The fact is, every group of voters and every state legislature to consider the scientific and ethical arguments in favor of medical marijuana has ended up endorsing the idea. As today’s opinion demonstrates, Congress is sadly lagging behind states and voters in recognizing the appropriateness of medical marijuana, both as a public health solution and as a humanitarian matter.

On the bright side, the Justices agreed with the ACLU argument that federal judges do have the discretion to allow medical marijuana distribution to continue in the face of the government’s seeking an order to shut the clubs down. A court can instead require the government to take its case before a jury. It is particularly troubling that the federal case circumvented facing a jury in a state whose voters have overwhelmingly approved the use of medical marijuana.

Today’s case arose in response to California voters’ approval of Proposition 215, a law which allows seriously ill patients to grow and use marijuana for pain relief, with a doctor’s recommendation, without state penalties. The federal government has been fighting the law ever since its passage in November 1996.
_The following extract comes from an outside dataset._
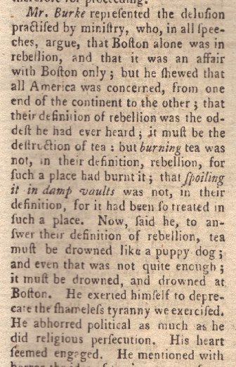 In the excerpt below from the Parliamentary debate on the King's address the great orator, thinker and writer Edmund Burke responds to the King's declaration that the American colonies are in rebelliion. He makes reference to the Boston Tea Party which provoked the severe sanctions of the Boston Port Closure bill and the sending of troops to enforce it that led to the battles of Lexington and Concord.

Initiatives similar to California’s have been passed in Alaska, Arizona, Colorado, Hawaii, Maine, Nevada, Oregon and Washington state.

Note: Boyd is the lead attorney in another Prop. 215 case, Conant v. McCaffrey, in which the ACLU is seeking to permanently block the federal government from censoring or criminally prosecuting California doctors who recommend medical marijuana to their patients. A favorable ruling was issued by a U.S. District Court in California last September; the government has appealed the ruling to the Ninth Circuit.